'''

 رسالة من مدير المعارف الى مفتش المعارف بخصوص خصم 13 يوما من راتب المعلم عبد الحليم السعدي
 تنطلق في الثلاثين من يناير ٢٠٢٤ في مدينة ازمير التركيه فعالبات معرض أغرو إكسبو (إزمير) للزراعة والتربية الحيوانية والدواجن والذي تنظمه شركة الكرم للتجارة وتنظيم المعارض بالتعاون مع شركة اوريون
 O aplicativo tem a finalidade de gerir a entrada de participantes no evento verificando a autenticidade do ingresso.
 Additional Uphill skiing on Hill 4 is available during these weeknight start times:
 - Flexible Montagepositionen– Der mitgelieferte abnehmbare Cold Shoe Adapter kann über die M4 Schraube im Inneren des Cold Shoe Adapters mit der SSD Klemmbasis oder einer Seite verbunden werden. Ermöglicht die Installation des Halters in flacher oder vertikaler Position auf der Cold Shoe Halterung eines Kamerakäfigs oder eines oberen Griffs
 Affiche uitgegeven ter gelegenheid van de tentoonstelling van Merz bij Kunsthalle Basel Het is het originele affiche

'''
'''

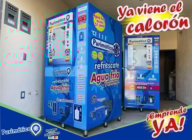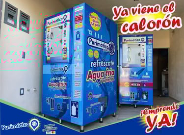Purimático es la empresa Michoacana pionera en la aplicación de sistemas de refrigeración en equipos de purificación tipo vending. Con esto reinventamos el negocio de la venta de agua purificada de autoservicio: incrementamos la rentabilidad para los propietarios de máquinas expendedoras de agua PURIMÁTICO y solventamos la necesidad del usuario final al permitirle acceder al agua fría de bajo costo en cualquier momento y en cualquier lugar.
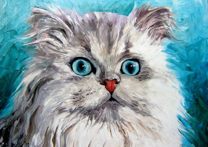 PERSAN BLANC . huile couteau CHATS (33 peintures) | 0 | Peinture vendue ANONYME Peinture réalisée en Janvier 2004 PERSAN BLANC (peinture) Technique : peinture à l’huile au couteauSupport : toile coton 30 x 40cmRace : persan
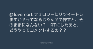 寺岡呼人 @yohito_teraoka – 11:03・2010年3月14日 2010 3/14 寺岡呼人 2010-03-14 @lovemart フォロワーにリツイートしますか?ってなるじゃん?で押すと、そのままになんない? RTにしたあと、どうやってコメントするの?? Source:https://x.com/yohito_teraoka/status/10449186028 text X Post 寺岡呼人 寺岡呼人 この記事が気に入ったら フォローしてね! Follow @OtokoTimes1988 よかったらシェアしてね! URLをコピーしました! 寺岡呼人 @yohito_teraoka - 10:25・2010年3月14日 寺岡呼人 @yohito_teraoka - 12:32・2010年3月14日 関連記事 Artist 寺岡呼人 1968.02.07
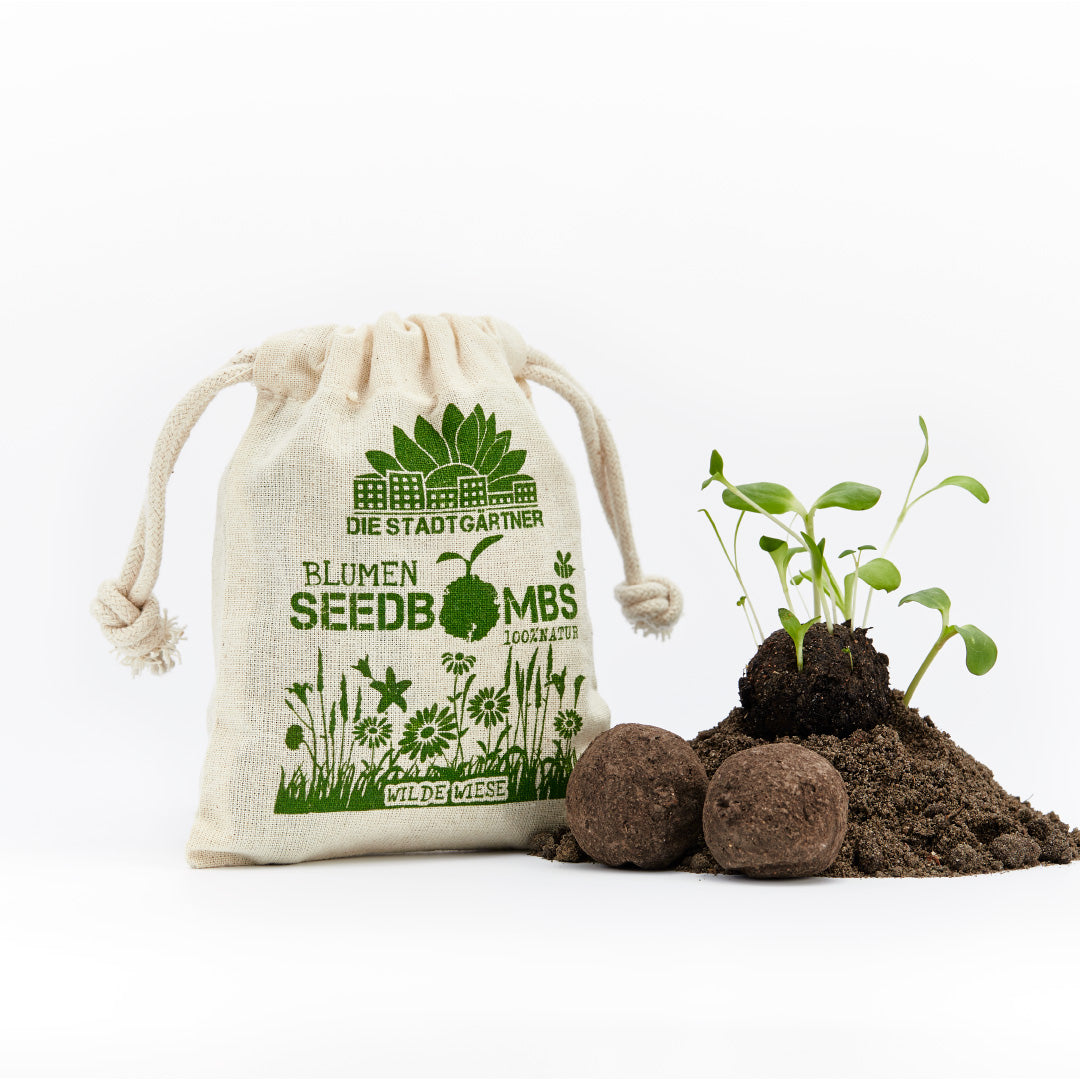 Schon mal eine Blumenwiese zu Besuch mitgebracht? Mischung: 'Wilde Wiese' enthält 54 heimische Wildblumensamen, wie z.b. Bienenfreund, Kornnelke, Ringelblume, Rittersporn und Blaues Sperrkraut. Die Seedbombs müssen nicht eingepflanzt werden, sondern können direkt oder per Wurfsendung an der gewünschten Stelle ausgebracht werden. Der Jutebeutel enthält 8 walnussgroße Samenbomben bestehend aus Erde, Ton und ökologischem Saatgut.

'''

▶ **WHAT THE TASK ASKS**
Starting with the line that has "Purimático es la" and ending with the line that has "寺岡呼人 @yohito_teraoka –", repeat the lines above exactly, omitting every picture.

▶ **EXERCISE RESULT**
Purimático es la empresa Michoacana pionera en la aplicación de sistemas de refrigeración en equipos de purificación tipo vending. Con esto reinventamos el negocio de la venta de agua purificada de autoservicio: incrementamos la rentabilidad para los propietarios de máquinas expendedoras de agua PURIMÁTICO y solventamos la necesidad del usuario final al permitirle acceder al agua fría de bajo costo en cualquier momento y en cualquier lugar.
 PERSAN BLANC . huile couteau CHATS (33 peintures) | 0 | Peinture vendue ANONYME Peinture réalisée en Janvier 2004 PERSAN BLANC (peinture) Technique : peinture à l’huile au couteauSupport : toile coton 30 x 40cmRace : persan
 寺岡呼人 @yohito_teraoka – 11:03・2010年3月14日 2010 3/14 寺岡呼人 2010-03-14 @lovemart フォロワーにリツイートしますか?ってなるじゃん?で押すと、そのままになんない? RTにしたあと、どうやってコメントするの?? Source:https://x.com/yohito_teraoka/status/10449186028 text X Post 寺岡呼人 寺岡呼人 この記事が気に入ったら フォローしてね! Follow @OtokoTimes1988 よかったらシェアしてね! URLをコピーしました! 寺岡呼人 @yohito_teraoka - 10:25・2010年3月14日 寺岡呼人 @yohito_teraoka - 12:32・2010年3月14日 関連記事 Artist 寺岡呼人 1968.02.07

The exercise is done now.